Nineteen people living in such circumstances died across Orange County last November.  Since Governor Newsom’s March 19th “Shelter in Place” order, 247 people living without fixed abode died across the county, 139 died under the same circumstances over the same period of time last year.

As I wrote last month, there are signs of hope.  More shelters are being opened.  Yet, there are bottlenecks and IMHO problems.  The single biggest problem is that there remains a clear / desperate shortage of permanent homes / living situations to move along those who enter into the shelters.  This is not lost on anyone, and certainly not on those who are find themselves sleeping on our streets and are being asked to go into the shelters.

Further, as irritating as this must be to many readers, there remain true civil liberties questions, that almost none of us would put up with, with regards to freedom of movement for those who do choose to enter into the shelters.
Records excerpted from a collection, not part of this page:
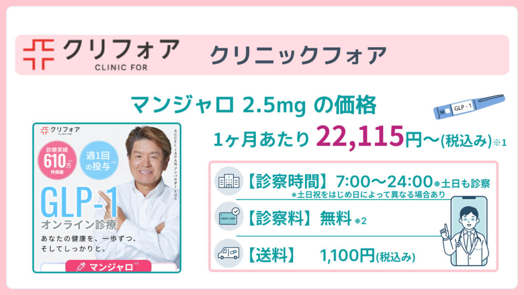 通常は対面型のクリニックですが、マンジャロはオンライン診療を通じて全国どこへでも配送可能と記載されています。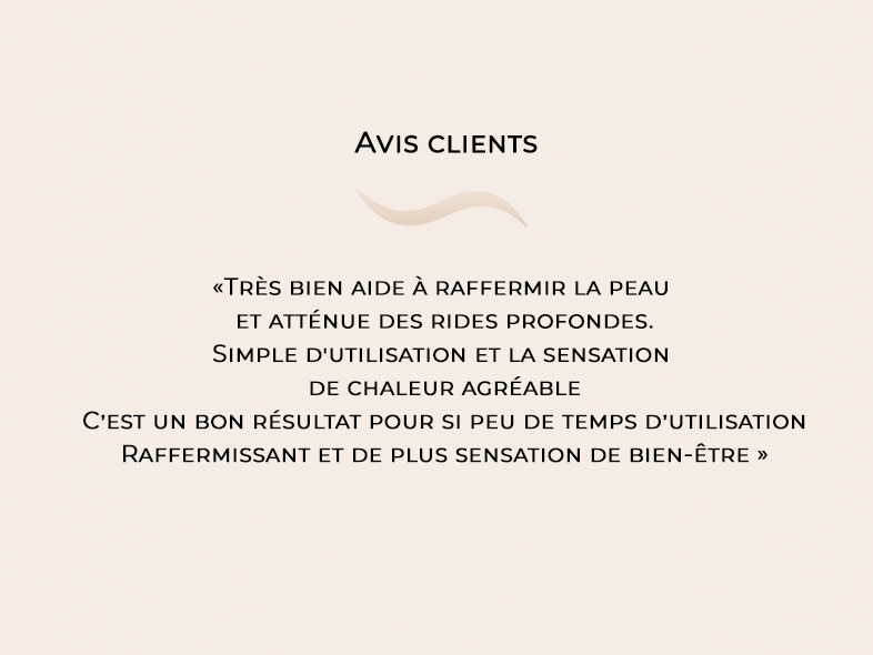 • raffermissement de la peau au niveau de l’ovale du visage avec diminution de 20,2% du score de relâchement (BAZIN), diminution de 9,3% du paramètre R0 (cutomètre) et augmentation de 51,1% de la densité du derme mesurée par échographie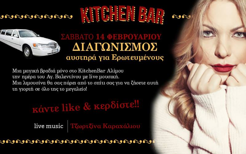 To Kitchen Bar Αλίμου διοργανώνει διαγωνισμό και σας δίνει τη δυνατότητα να κερδίσετε ένα γεύμα για δύο άτομα την ημέρα του Αγίου Βαλεντίνου και παραλαβή με λιμουζίνα από το σπίτι σας!

Readers please look at the question honestly: Who of us would volunteer to go to a facility that one could not leave, except perhaps escorted once or twice a week, especially if one more-or-less knew that one was almost certainly to going to remain in that facility for six months with little hope of moving during that time into something better, and at the end of those six months will probably be “exited” back onto the streets again?  Yes, six months with a shower and heat, and in the better shelters access to TV / wifi, is probably better than sleeping out in the elements in a tent with a baseball bat (or perhaps “a strong man”) for protection.  But voluntary incarceration with an expulsion date, especially when one has been disappointed, again and again before, is a really tough sell and to little purpose.

There will probably be a change in Federal Administration, and the federal government is the only one that can provide the money needed to solve this problem.  Perhaps it is time to start, daily, sending pictures of our residents sleeping on our streets to those in Washington D.C. who would block assistance to them, noting of course, that this is a federal problem.  A fair number of those sleeping on our streets come originally from elsewhere, and yet, of course, no one wants to claim them now – “Don’t take this personally, but I don’t want to take care of you unless someone can prove that I’m absolutely responsible for you.”

Instead, let us all simply accept that these people, like the Okies of the 1930s are here, and not everyone who comes to California can be a Mark Zuckerberg or a Silvester Stallone though California has certainly benefited from arrivals to Hollywood and Silicon Valley.  Let everybody chip in now to take care of those who do come here and find … that they do need some help.   Given a chance, no one wants to be a burden.

Fr. Dennis Kriz, OSM, Pastor St. Philip Benizi Catholic Church, Fullerton.